Memories on Christmas Eve
Nine years ago I was very pregnant with Miss C, desperately missing Miss Angela and trying my best not to cry during the Christmas Eve service. To be happy for the blessings we did have and the time we had with Miss Angela. But it was hard. It’s still hard nine years later. Tonight as I’m home with one sick (but getting better) and the baby, I find I’m thinking of so many others.
Some that I know are praying hard for family and friends who a struggling health wise. Strangers in groups I belong to on Facebook facing challenges In their lives. I’ve lost count how many times I’ve typed the words “prayers” and sent a prayer on high.
I’m thinking of my friends who have lost loved ones, or are fearing the possible loss. One commented tonight, “I don’t know how you’ve done it all these years.”
It’s not easy. I won’t lie. I wish I could just give everyone a big hug, share a few tears. But since I can’t I’ll pray that they feel the prayers and hugs from afar.

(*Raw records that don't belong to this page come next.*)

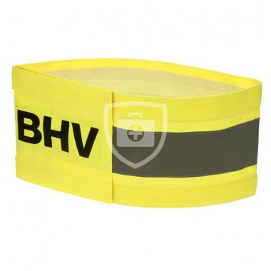 BHV armband, kleur geel met reflecterende band. De BHV armband heeft een klittenbandsluiting en voorzien van een opdruk "BHV".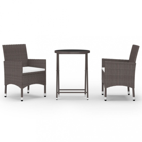 Teljes vidaXL 3 részes barna polyrattan és edzett üveg kerti bisztrószett termékleírás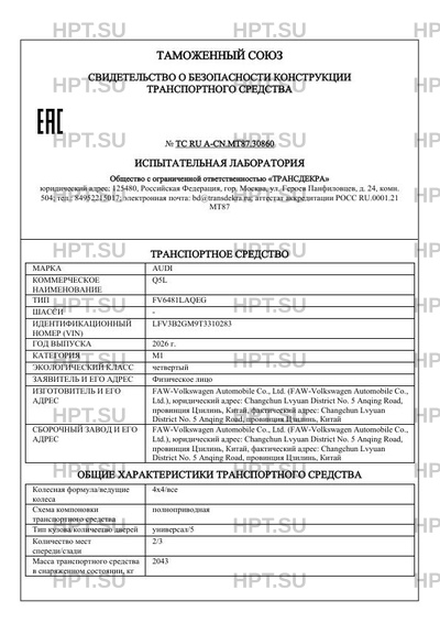 | Марка ТС | AUDI |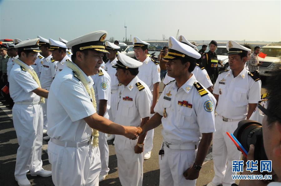 2月22日,在柬埔寨西哈努克港,中国海军第二十一批护航编队指挥员俞满江少将(左)与前来迎接的柬埔寨海军代表握手致意。中国海军第二十一批护航编队的柳州舰、三亚舰22日抵达柬埔寨西哈努克港,开始对柬埔寨进行为期5天的友好访问。此次访问,是中国海军舰船第三次访问柬埔寨,也是海军战斗舰艇首次访问柬埔寨。新华社记者张艳芳摄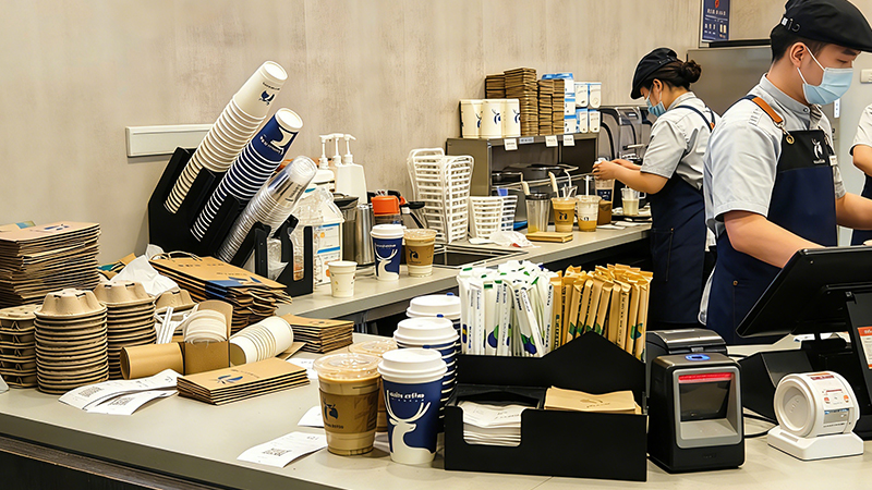 Configure acrylic stepped display racks in the backstage preparation area, place different cup sizes on layers by size; divide into independent areas with dividers. Straws and sleeves are stored for easy access, improving access efficiency by 50% and reducing backstage sorting time by 30%.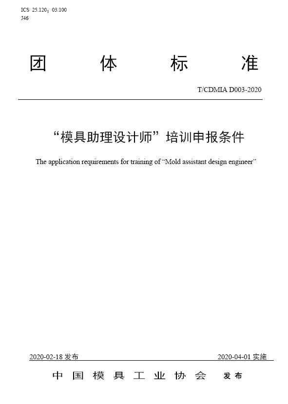 中國模協(xié)標準D003-模具助理設計師培訓申報條件-2020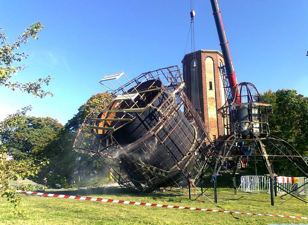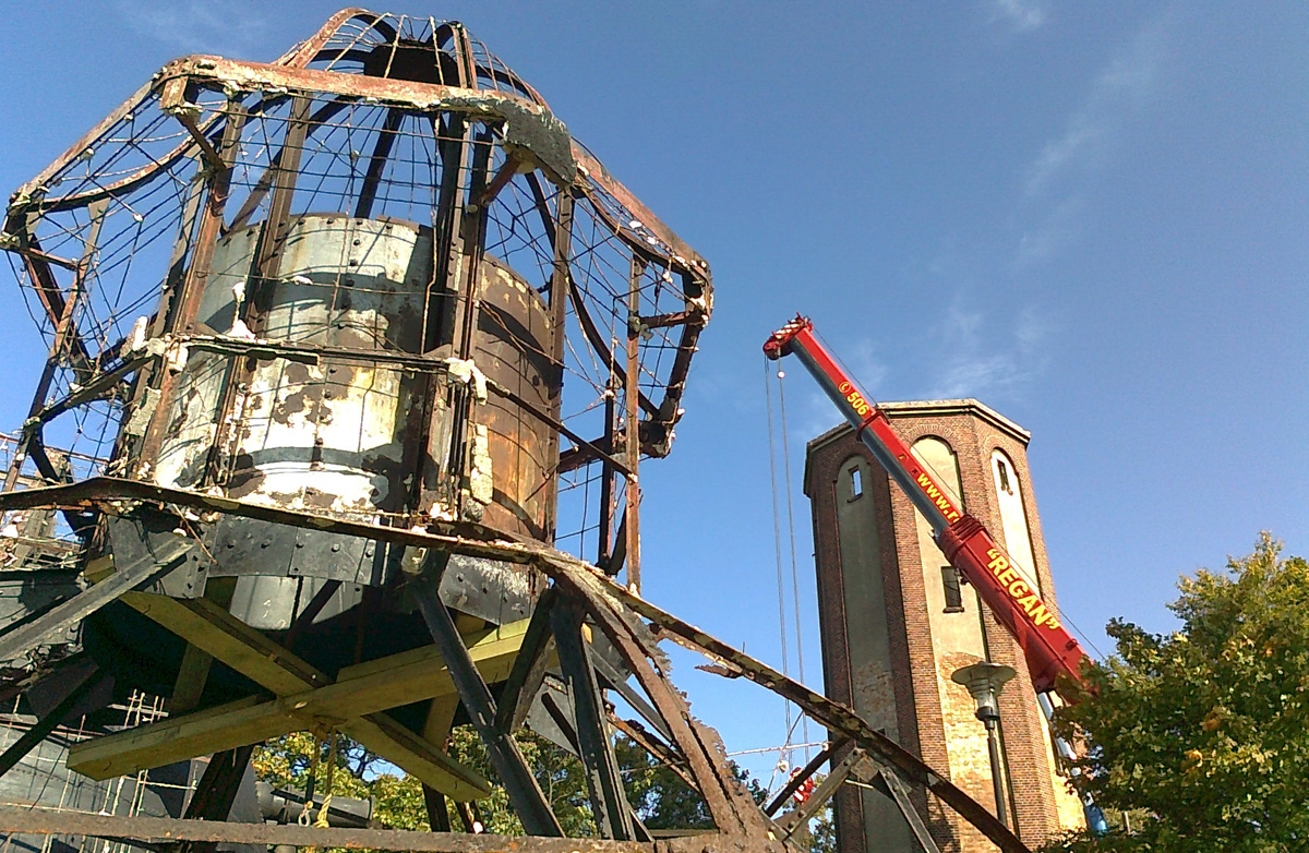 Nim wspomnimy o operacji demontażu wodociągowej budowli, zajrzyjmy do projektu rozbiórki opracowanego przez Urząd Miasta. Czytamy w nim m.in.: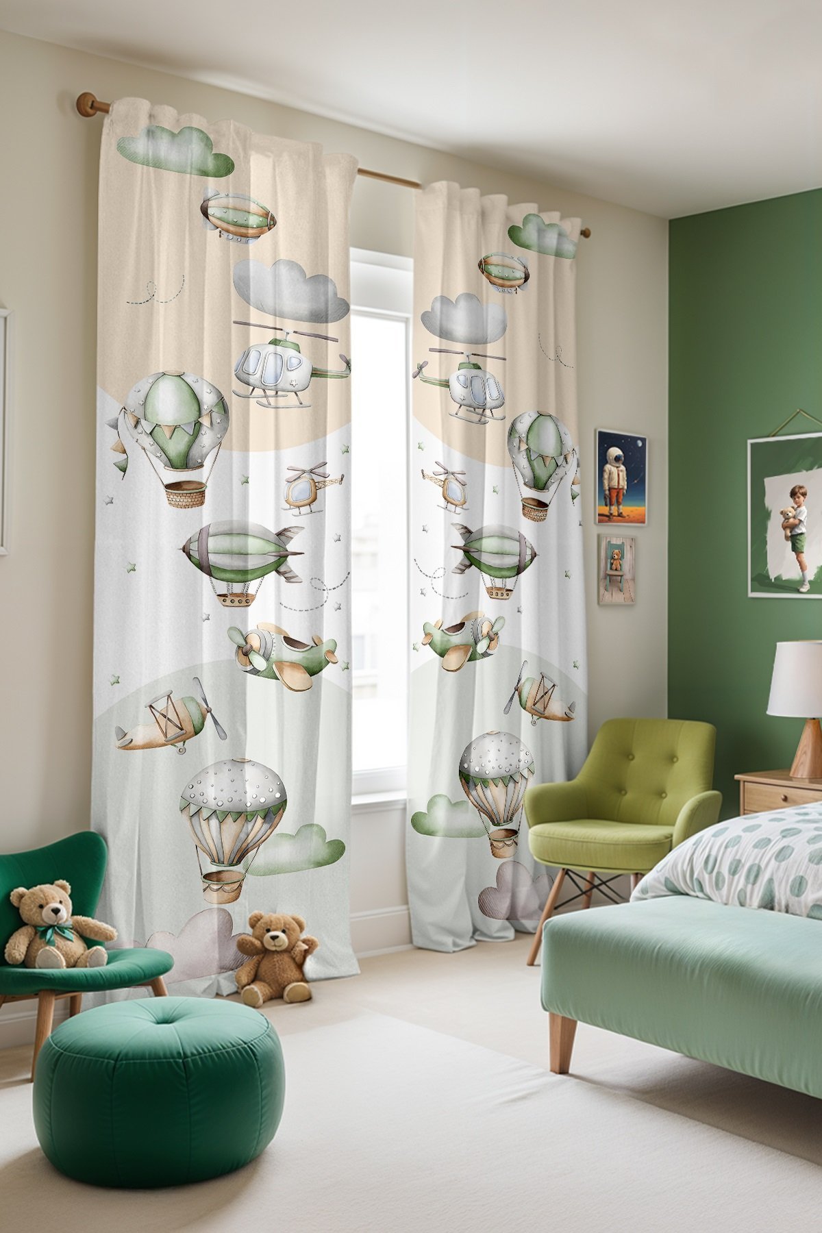 Krem Yeşil Uçaklar Desenli Çocuk Bebek Odası Fon Perde (Tek Kanat Fiyatlandırma)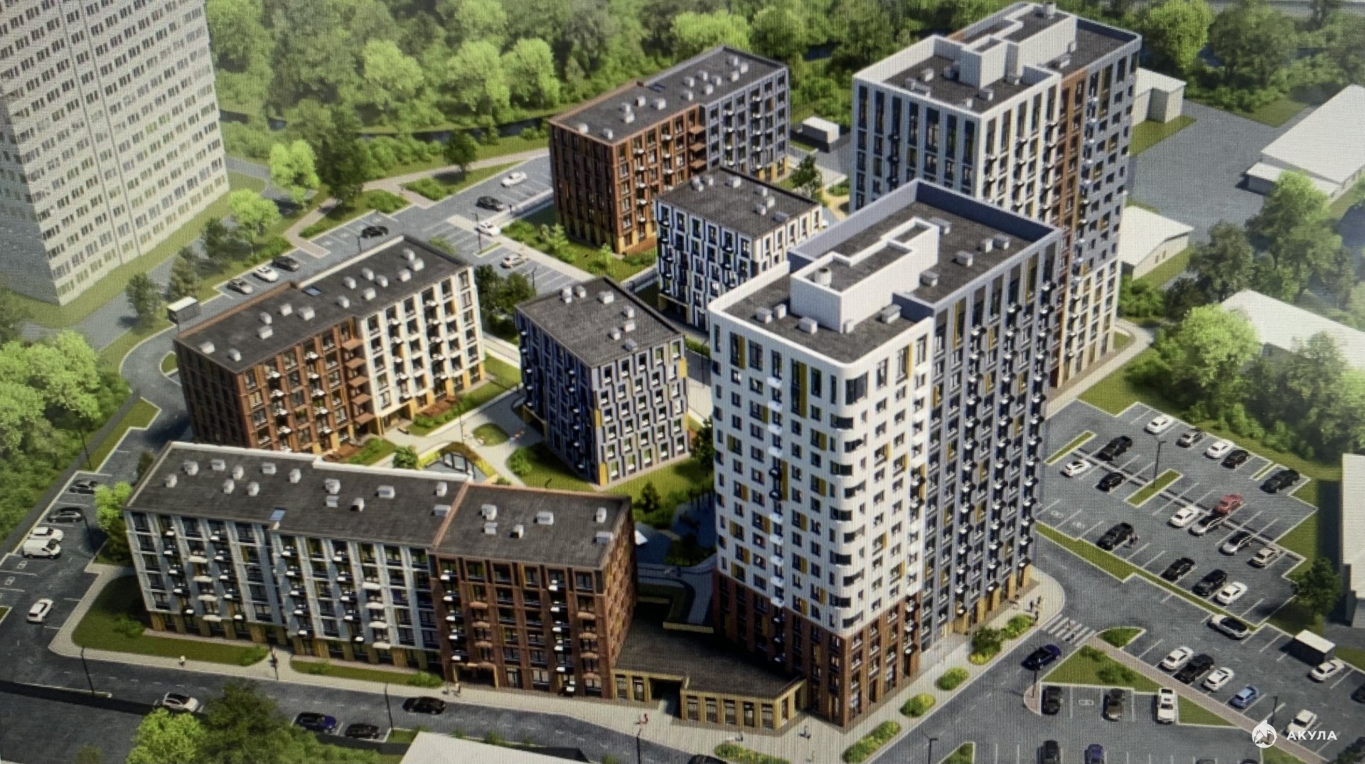Необычная каскадная застройка комплекса спроектирован таким образом, что из окон открывается потрясающий вид на город и прекрасное благоустройство жилого квартала.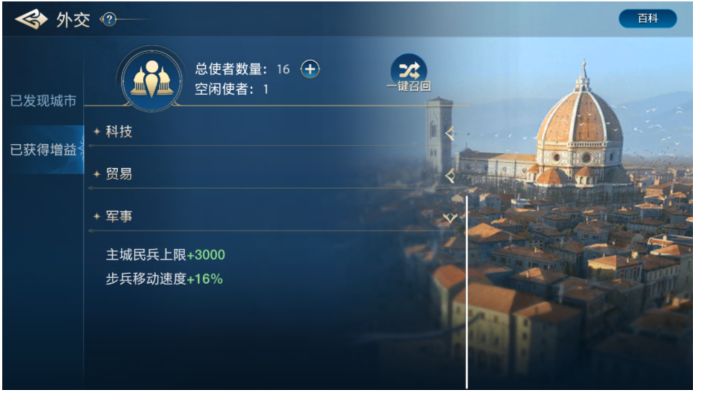 大家好!我们今天来和大家唠唠《世界启元》中这个城市外交的功能!合理的与城市外交就可以让你发展更迅速哦!外交介绍我们先简单说一下城市外交的基础。第一是需要首次获得城市视野后才可与其外交,不过盟友间可以共享已发现的城市,所以加入联盟还是很重要的。与城市外交要派遣使者(这个使者的数量可以通过完成主线任务获取)派遣使者数量不同,获取增益也不同。当你的联盟占领城市后,就会获得城市的所有增益,就无需
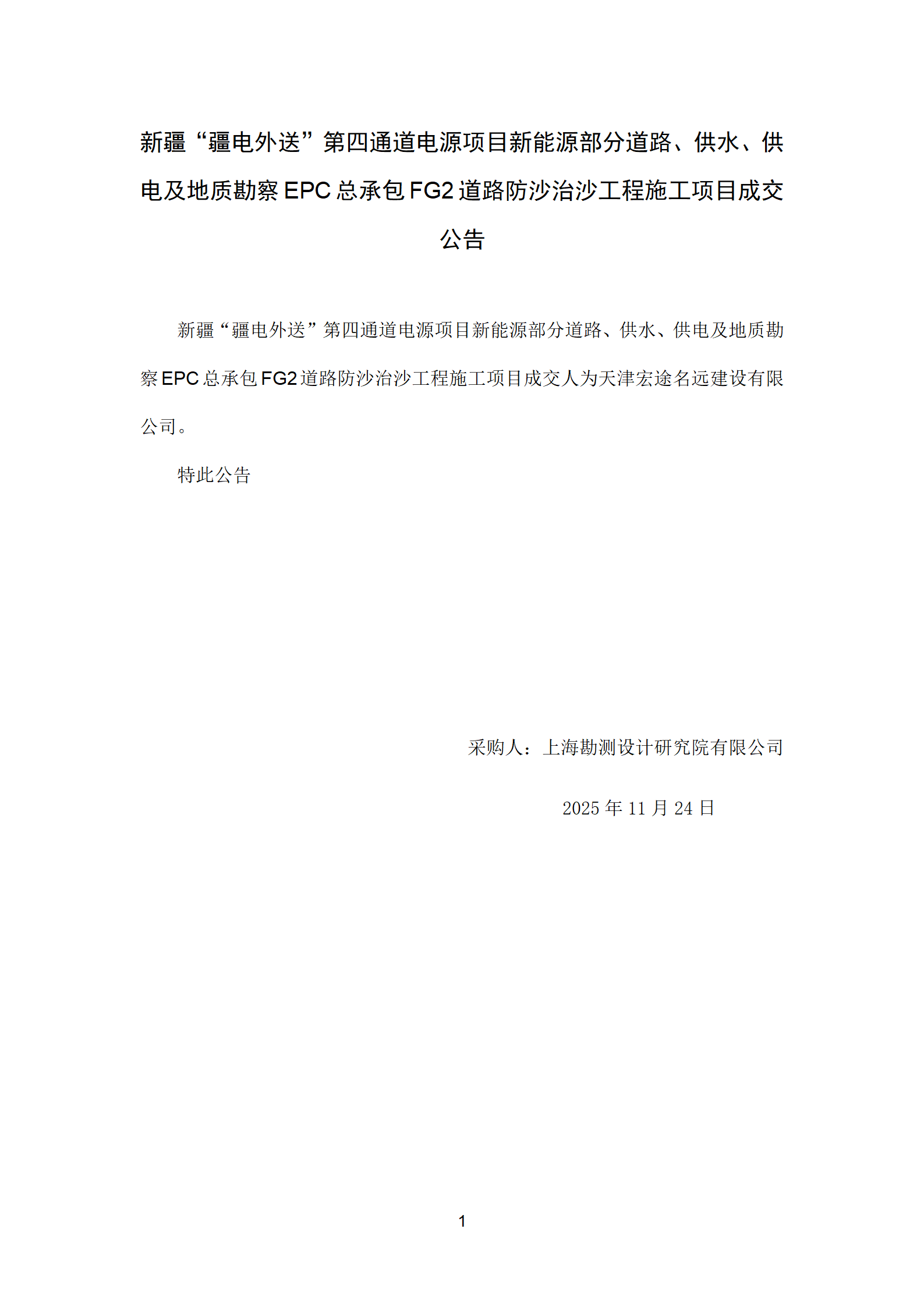 新疆“疆电外送”第四通道电源项目新能源部分道路、供水、供电及地质勘察EPC总承包FG2道路防沙治沙工程施工项目成交公告

Even when the memories can make you sad, Christmas is still worth celebrating. There is still the wonder of life. Watching a baby’s eyes as she sees the tree light up for the first time. Hearing the girls sing Christmas carols. The tears will come, and that’s okay. Sometimes you have to feel the tears to see the wonder of the stars.
A picture of the Christmas tree this year. Complete with Miss Angela’s ornaments. Tweety Angel, her first ornament, and some of the memory tree angels that were given in honor of her years after she went flying on high.